Après la pluie de missiles qui s’est abattue sur l’Ukraine, la Russie s’enfonce visiblement dans la folie meurtrière. La mobilisation se poursuit, malgré les critiques qui naissent au sein du pays. Le signe de l’émergence d’une large contestation populaire ? Pas si sûr d’après la sociologue Anna Colin Lebedev. Cette dernière travaille sur les sociétés post-soviétiques et vient de publier Jamais frères. Ukraine et Russie une tragédie post-soviétique mais aussi Le cœur politique des mères.

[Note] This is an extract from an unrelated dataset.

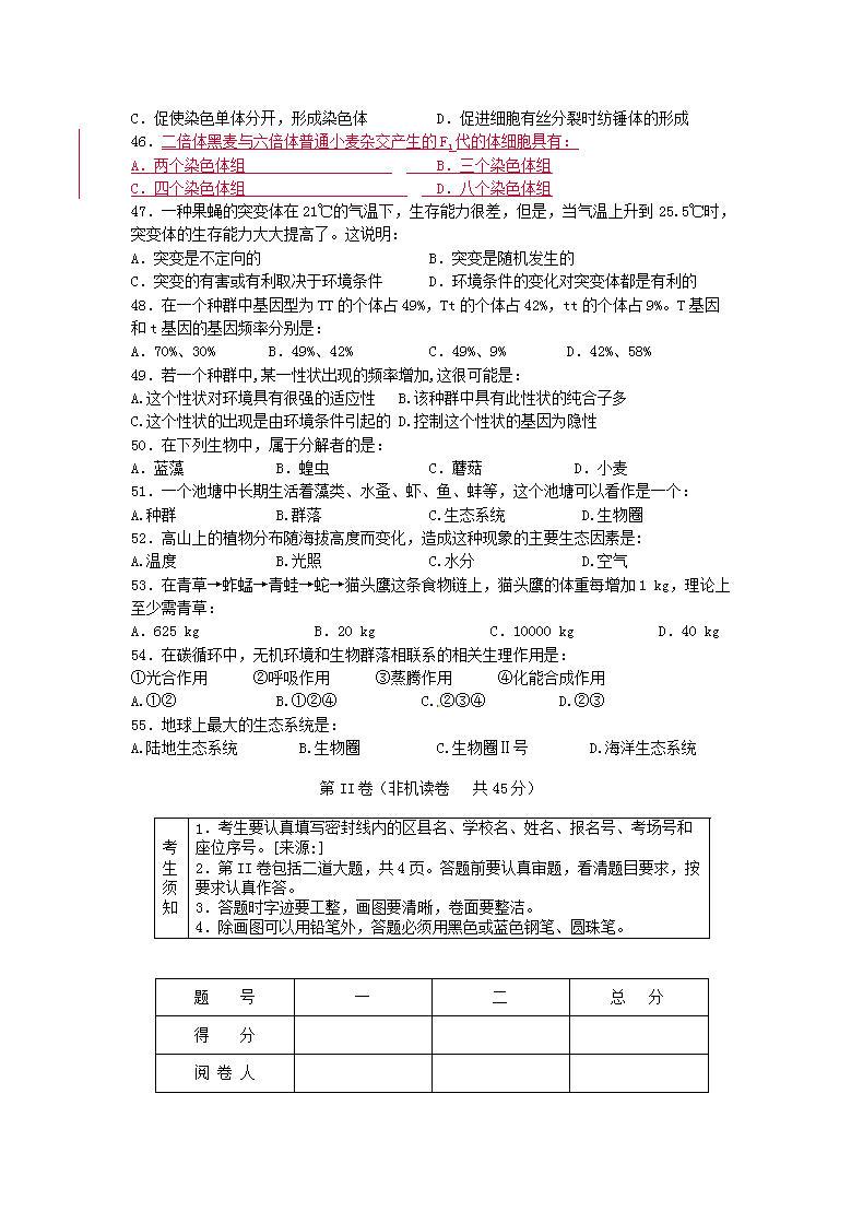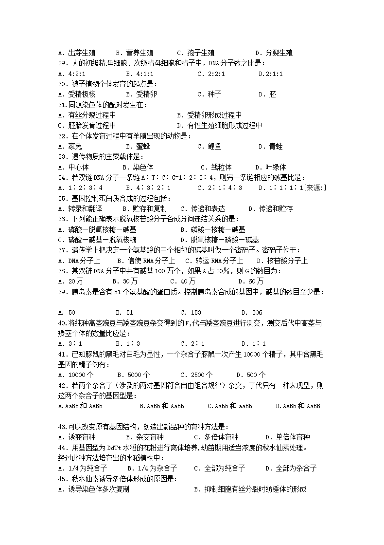 【文档预览】 无忧考网整理发布2004年北京普通高中会考生物真题及答案(Word版),前五页预览如下:

Analyse du mouvement des mères de soldats en Russie.

Une autre tolérance des mères russes que celles de l’Occident

Suite à la large mobilisation des réservistes russes, plusieurs mères se sont inquiétées du sort qui attend leurs enfants en Ukraine. Des soldats sont en effet envoyés sans entraînement et doivent acheter eux-mêmes leur équipement pour combattre sur le front.

Quel crédit peut-on donner à ces contestations familiales ? Sont-elles largement répandues et peuvent-elles amener à une plus forte résistance au pouvoir russe ? Pour Anna Colin Lebedev, il faut éviter de tenter de livrer une analyse quantitative sur l’état de l’opinion publique, tant le tissu social est complexe.

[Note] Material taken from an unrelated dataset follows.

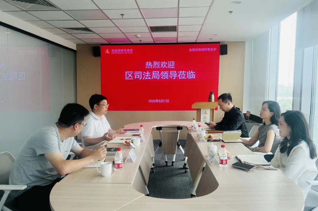 2025年5月7日,钱塘区司法局副局长许宏波、司法行政科科长王伟一行莅临浙江金道(钱塘区)律师事务所调研指导。金道杭州钱塘区分所主任陈思,党支部书记、副主任王韬,副主任吕枫丽参加接待。会上,陈思主任首先对许宏波副局长一行的到来表示热烈欢迎,随后就金道杭州钱塘区分所的创办初衷、发展目标以及党团建设、业务特色、社会责任和律师荣誉等情况进行了介绍。

Il faut donc passer par le qualitatif. "On constate que quand les Russes ordinaires prennent la parole aujourd’hui, par exemple les femmes et les mères des mobilisés, ce n’est pas pour dire : 'cette guerre est injuste, faites revenir nos enfants', mais c’est pour dire 'nous savons que nous combattons une guerre juste, en revanche, comment avez-vous pu envoyer ces hommes quasiment nus, sans équipement, sans entraînement, sur le terrain ?'. Cette parole-là n’est pas encore extrêmement audible car les combattants ne sont pas encore sur le terrain depuis très longtemps" nuance la sociologue. "On sait que les pertes seront massives côté russe, elles le sont déjà. Elles dépasseront l’échelle de tout ce que la Russie a connu dans les guerres précédentes, donc il ne peut pas ne pas y avoir un écho. Mais la stratégie de l’État russe, qui consiste notamment à ne pas récupérer les corps sur les champs de bataille et à déclarer très facilement disparues des personnes tuées sur le terrain, je dirais que cela permet de temporiser. L’idée d’un pouvoir qui sacrifie ses citoyens est déjà visible, cependant, on ne peut pas dire qu’à un moment donné il y aura un seuil, s’il sera franchi. Nos sociétés, très attachées à la conservation de la vie de chaque soldat, nos forces armées qui rechignent à envoyer des soldats de peur de pertes humaines, ont un autre seuil de tolérance que la société russe qui est en guerre depuis quasiment son indépendance".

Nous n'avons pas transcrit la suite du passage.